Quoniam accueille aussi dans ses colonnes l’histoire du présent. En pleine période de paix, il est littéralement hanté par des images de guerre. On pourrait en citer une quinzaine, dont une au moins, celle du 22 juin 2017, remonte à la Grande Guerre. Parmi ces aperçus implacables, il y a celui d’une campagne qui n’a plus rien d’idyllique (Ceci n’est pas un décor de cinéma, 2 février 2015) ou ceux de sites ou de villes dévastés (L’homme est naturellement mauvais, 2015 ; Détruire disent-ils, 13 décembre 2015). Le terrorisme djihadiste n’est pas occulté, avec d’un côté le rendu strict et dépouillé de l’horrible massacre du Bataclan à Paris survenu le 13 novembre 2015 (L’Indicible 13), et d’un autre côté la décapitation d’un journaliste américain en Syrie (Qui se souvient de James Fowley ? Le temps des assassins, 18 août 2017). Le 22 janvier 2015, notre diariste se remémore le jeune Billie Joe, qui s’est jeté par-dessus un pont, un fait divers popularisé en 1967 par la chanteuse Bobbie Gentry (Billie Joe… jumped off the Tallahachie Bridge). L’actualité politique n’est pas négligée, le citoyen et les couleurs bleu-blanc-rouge sont convoqués (Le sens de la République, 6 février 2015 ; République française, 18 février 2015 ; J’avais voté pour eux…, 19 février 2015).

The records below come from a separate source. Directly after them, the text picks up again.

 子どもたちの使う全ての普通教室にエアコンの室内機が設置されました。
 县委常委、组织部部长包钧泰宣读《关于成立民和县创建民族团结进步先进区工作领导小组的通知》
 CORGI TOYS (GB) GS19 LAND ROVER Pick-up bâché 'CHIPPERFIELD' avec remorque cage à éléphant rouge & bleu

L’artiste se plaît aussi à nous entraîner à Venise ou dans l’Italie ancienne du Songe de Poliphile, en des lieux où la place publique est tantôt une scène de théâtre tantôt un décor de rêve (Les fêtes vénitiennes, avril 2015 ; Poliphile dans les bras de Polia). Au cours de ses pérégrinations, il salue le théologien Jan Hus (Le rêve prémonitoire de Jan Hus, 2015), il élève une statue à Franz Kafka (Une vieille amitié) et une autre à Orlando, le héros transsexuel du roman de la saphique Virginia Woolf, intronisé Gay King of Florida, là même où sévit le parc d’attractions de Walt Disney World (Orlando First, 15 juin 2016). Dans un magnifique diptyque soulignant la courbe d’un fleuve et le tournant d’une jetée s’enfonçant dans des eaux océanes (Où m’emmènes-tu ?, 2017), la question est posée d’un prochain voyage ou de notre ultime destination. Autre image forte, reprenant la même question, celle d’un plongeon résolu dans les flots bleus (L’acte sans paroles, novembre 2017).

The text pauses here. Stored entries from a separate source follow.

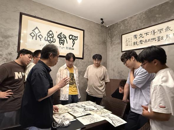 在整个写生过程中,同学们展现了极高的学习热情。他们或坐或立,细心观察,努力抓取每个地点的独特景物与神韵,将课堂所学的构图、透视、色彩知识灵活运用于实践。四位指导老师则不辞辛劳,穿梭于学生之间,进行一对一的悉心指导,从取景角度、技法运用到意境表达,给予了精准的点评和示范,帮助学生解决创作中遇到的实际问题。
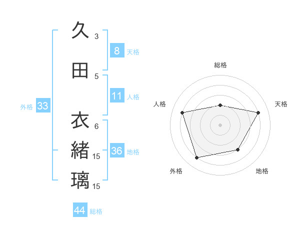 久田 衣緒璃さんの総格は44画の2点!
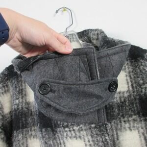 Keywords: Banana Republic, plaid, wool, oversized, double-breasted, winter, black and white coat, women's coat, jacket, outerwear, wool blend, plaid jacket, made of Italian fabric, large, L
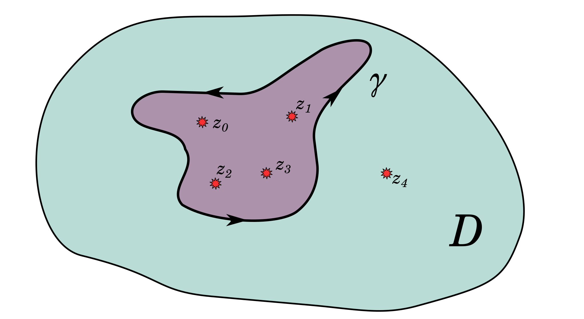 Основная теорема теории вычетов. Пусть $f$ - голоморфна в $D\subset\mathbb C$, за исключением изолированных особых точек $\{z_j\}$, $\gamma$ - простая замкнутая кусочно-гладкая кривая, не содержащая особых точек $\{z_j\}$. Тогда $$ \int\limits_{\gamma} f(z)\, dz = 2\pi i\sum\limits_j\Res\limits_{z=z_j} f(z), $$ где суммирование ведётся по всем точкам $z_j$, находящимся внутри.
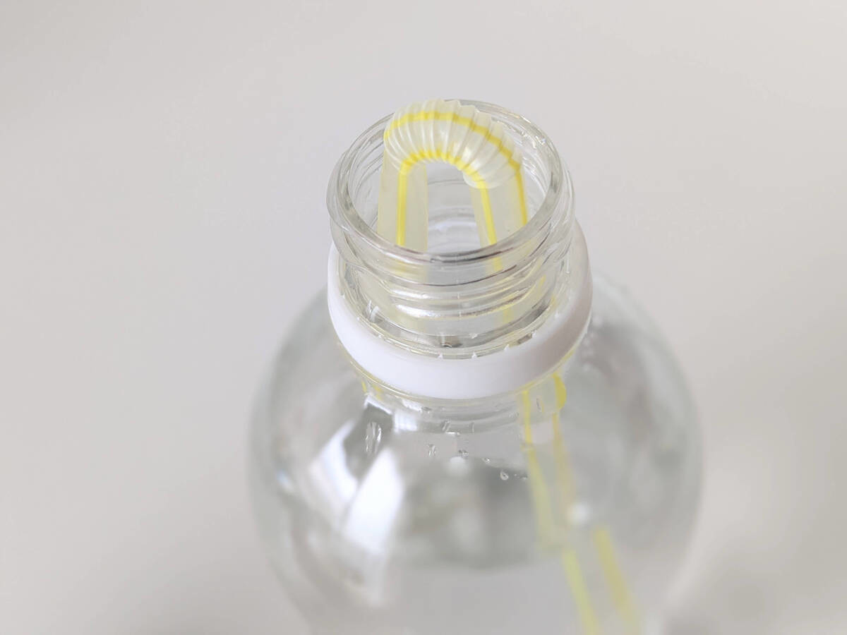 このままストローを曲げずに、蛇腹部分が下になるようにペットボトルに入れます。

L’histoire de la peinture occupe une place déterminante dans le journalier de Stéphane Quoniam, tout heureux non de pasticher mais de célébrer une pléiade d’artistes dont il est le fervent admirateur, depuis Piero della Francesca jusqu’à Matisse, Picasso, Markus Lüpertz, Cy Twombly ou Michel Mousseau, sans oublier l’art primitif et l’estampe japonaise (Généalogie : en compagnie des maîtres ; Hommage à Matisse ; Au Japon ; Un sage chez moi ; Registred Trade Mark ; Visions de canard laqué ; Retour au primitif ; Dans le jardin de Markus ; Le salut à Piero ; Surveillance chimérique ; Petit bonhomme fleur ; Michel Mousseau fabrique du silence ; Se perdre dans les jardins de la beauté). De la bande dessinée au vitrail, du portrait au paysage, de la maquette au diagramme, de l’affiche à la carte d’état-major, de la caricature à la pure épure, les folios aquarellés de Quoniam intègrent et subliment formes, cadres et décors. L’artiste du bocage pourrait vendre à la criée les feuilles de son journal et les faire s’envoler, comme autant d’oriflammes de l’espace et du temps.

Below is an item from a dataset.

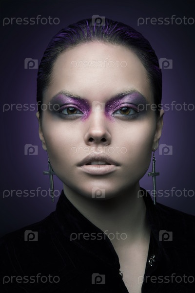Женщина с фиолетовым макияжем
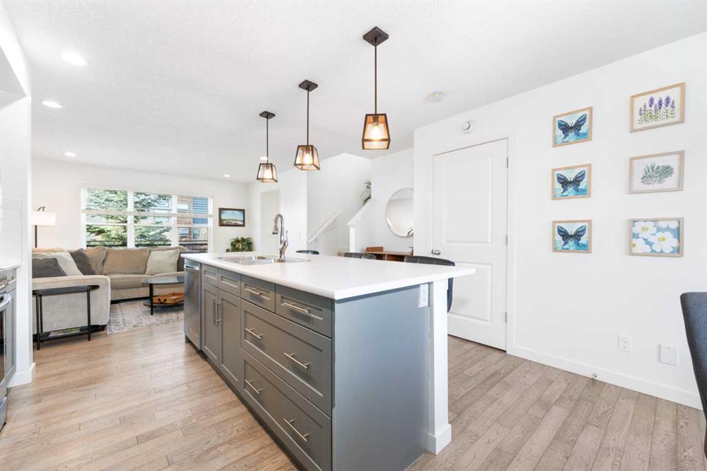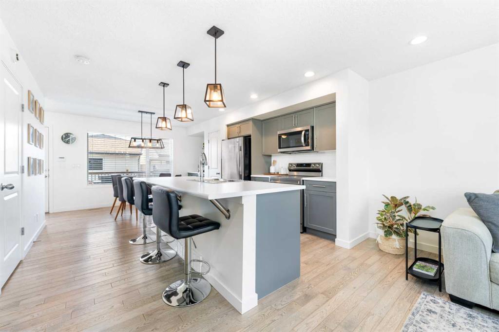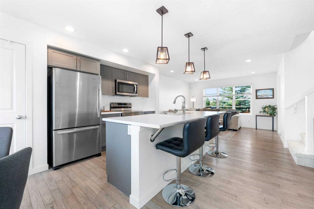 Welcome to this inviting 2-storey semi-detached home in the vibrant community of Walden, offering a perfect balance of comfort, functionality, and style. With 3 bedrooms, 2.5 baths, a full basement (awaiting your development), and a double detached garage, this home is ideal for those seeking modern living in a friendly, well-connected neighborhood. Step inside to a bright and open main floor designed for effortless flow between the living, kitchen, and dining areas. The central kitchen is the heart of the home, featuring a large island, stainless steel appliances, a corner pantry, and an extra set of cabinets that works perfectly as a buffet or butler’s pantry area —ideal for entertaining or extra storage. The spacious dining area offers direct access to the mudroom, a convenient 2-pc bath, and the large deck that extends your living space outdoors. The main level features hardwood and tile flooring, combining style with durability.

Chaque folio excite, émeut, éclaire mais conserve aussi son propre mystère. Un monte-en-l’air ne s’introduit-il pas de nuit dans la case sacrée de la peinture (Hold up, 1914) ? L’humanité enfantera-t-elle un robot (Femme montrant le chemin à l’homme, 4 mai 2015) ? N’y a-t-il rien de plus impondérable que la fleur parfumée du mimosa (La pesée du mimosa, 10 juillet 2014) ? Appareillés ou dépareillés, les folios aquarellés de Quoniam sont autant de pages à déchiffrer, d’images à caresser, de rubriques à parcourir, de cadres à explorer, de cartes à rebattre, de moments graves ou délicieux à éprouver et à partager.

Georges Sebbag

Références

Georges Sebbag, « Les folios en folie de Stéphane Quoniam », in catalogue Stéphane Quoniam / Comme un journal, Musée des Beaux-Arts de Caen, Jean-Michel Place éditeur, 2021. L’exposition s’est tenue du 2 octobre 2021 au 20 février 2022.